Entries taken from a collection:
============

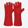 Entire Red Dyed Cow Split Leather | 16″ Welding Glove | Wing Thumb | Welted Seam | Kevlar Stitched | Wide Strap Reinforced Palm | Upper hand Fleece & Lower Hand Flame-Retardant Cotton Lining
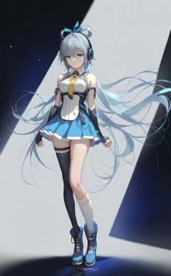 masterpiece,best quality,high quality,(colorful),[Artist sk (askzy)],[Artist wlop],Artist SHC,1girl,Luo Tianyi (Vocaloid),solo,green eyes,asymmetrical legwear,long hair,single kneehigh,single sock,smile,hair rings,thighhighs,necktie,skirt,uneven legwear,single thighhigh,very long hair,looking at viewer,boots,socks,nail polish,full body,gloves,grey hair,mismatched legwear,bare shoulders,elbow gloves,pleated skirt,detached sleeves,kneehighs,breasts,headphones,sleeveless,standing,blue skirt,sidelocks,asymmetrical footwear,hair between eyes,blue footwear,
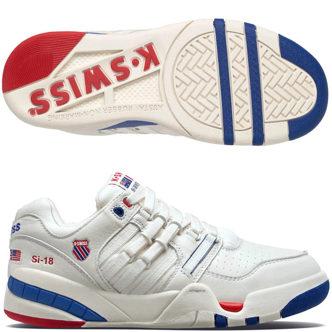 First introduced in 1989, the Si-18 International is an iconic representation of K-Swiss’ dedication to honoring athletic heritage while optimizing performance for future design. This reissue of the award-winning style combines elements of classic K-Swiss tennis, such as a premium leather upper, with innovative engineering that introduced the world to the groundbreaking Silicone Formula 18 for which the shoe is named. Flag accents adorn the heel and tongue to honor the host countries of the Grand Slam, the biggest tournament in tennis. Along with a vintage ski boot-inspired D-R Cinch lacing system and an asymmetric single-density PU midsole, the Si-18 International Heritage provides unmatched comfort and support in a timelessly recognizable silhouette.
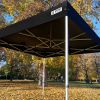 Promotions-teltet håndterer vejret bravt. Det står på solide ben med brede fødder. Hvert ben har to huller til hurtig forankring. Teltet skal altid forankres. Jordankre er inkluderet. Hurtig opsætning, fremragende præsentation, nem transport – sådan opsummerer vi det mest populære salgstelt.
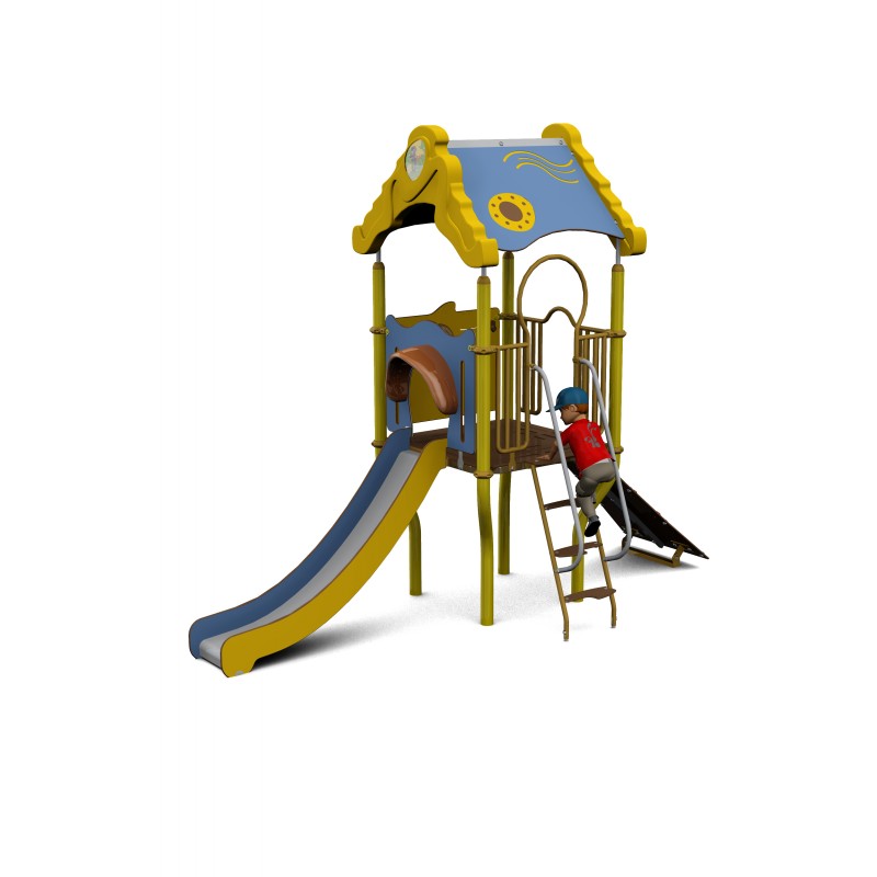 De configuration compacte, cette aire de jeux permet aux enfants de s'amuser en sécurité.
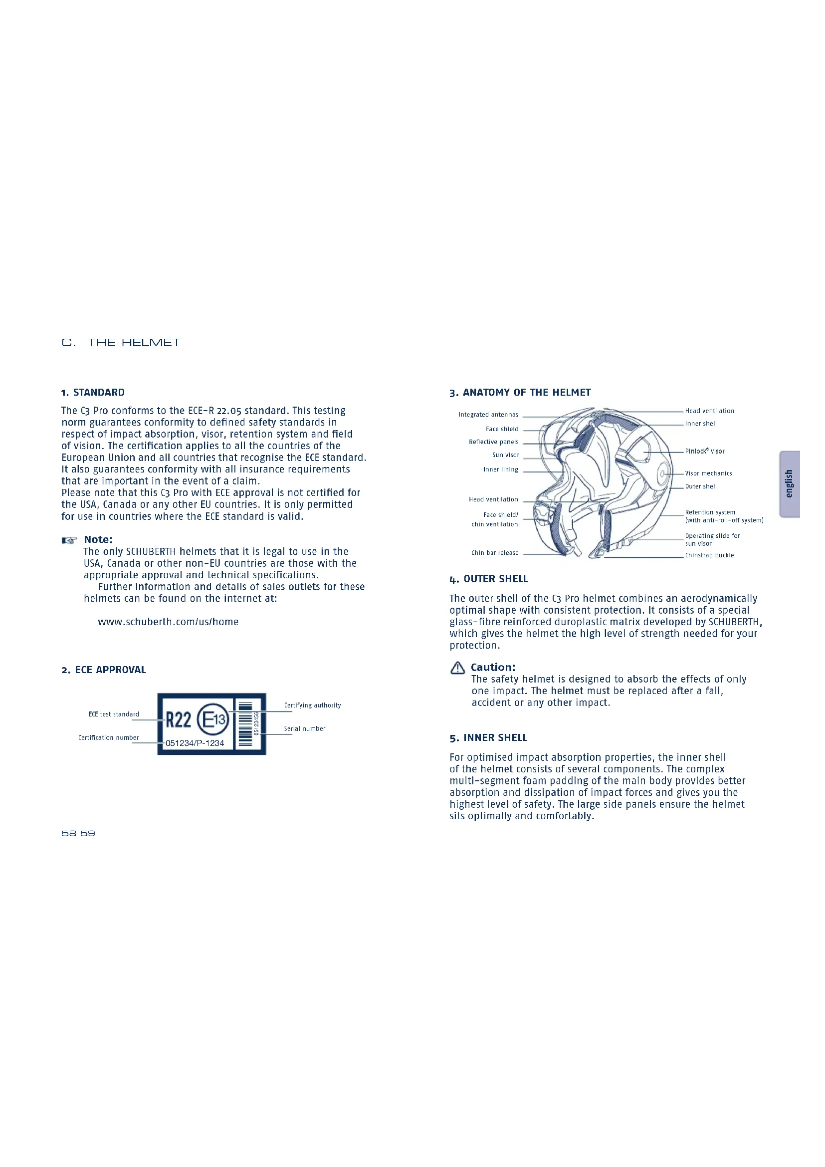 Original components (in particular on the outer shell, inner shell and restraint system) should not be altered or removed. The fitting of additional parts from other manufacturers that have not been recommended can reduce the protective effect and renders the ECE certification and all warranty and insurance claims invalid. Use only original parts, replacement parts and accessories that SCHUBERTH has expressly approved for your helmet! english96 97 english
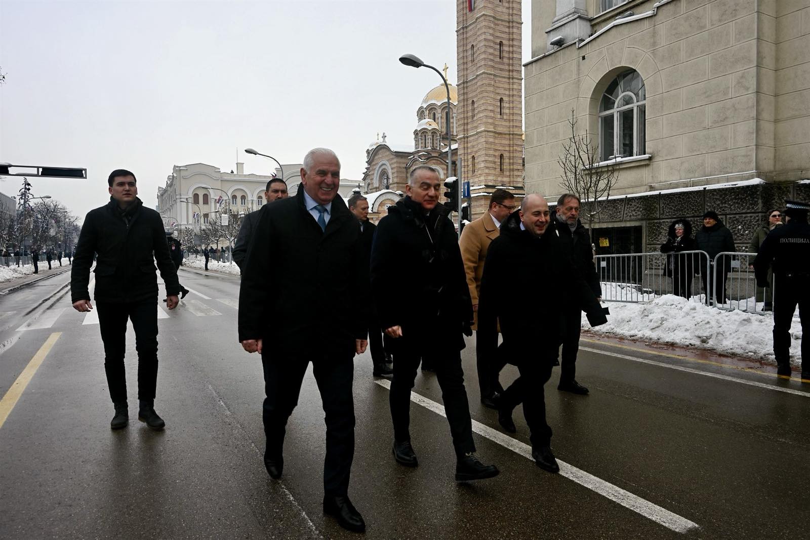 Посета је закључена присуством свечаном дефилеу припадника органа и организација Републике Српске на Тргу Крајине.
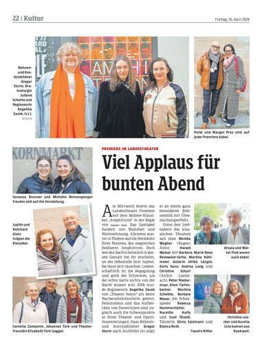 In der Regie von Angelika Zacek war am Mittwoch die Premiere von Amphitryon im Vorarlberger Landestheater zu sehen.
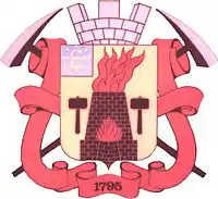 В золотом поле чёрная с золотыми швами доменная печь с красным пламенем, по бокам которой — по чёрному молотку. Доменная печь олицетворяет металлургию, которая оказывала влияние на становление и развитие города.

============

• INSTRUCTIONS FOR THE TASK
Only the lines from the one containing "In der Regie" through the end of the records above should be retyped, exactly as they stand, with any pictures left out.

• OUTPUT OF THE TASK
 In der Regie von Angelika Zacek war am Mittwoch die Premiere von Amphitryon im Vorarlberger Landestheater zu sehen.
 В золотом поле чёрная с золотыми швами доменная печь с красным пламенем, по бокам которой — по чёрному молотку. Доменная печь олицетворяет металлургию, которая оказывала влияние на становление и развитие города.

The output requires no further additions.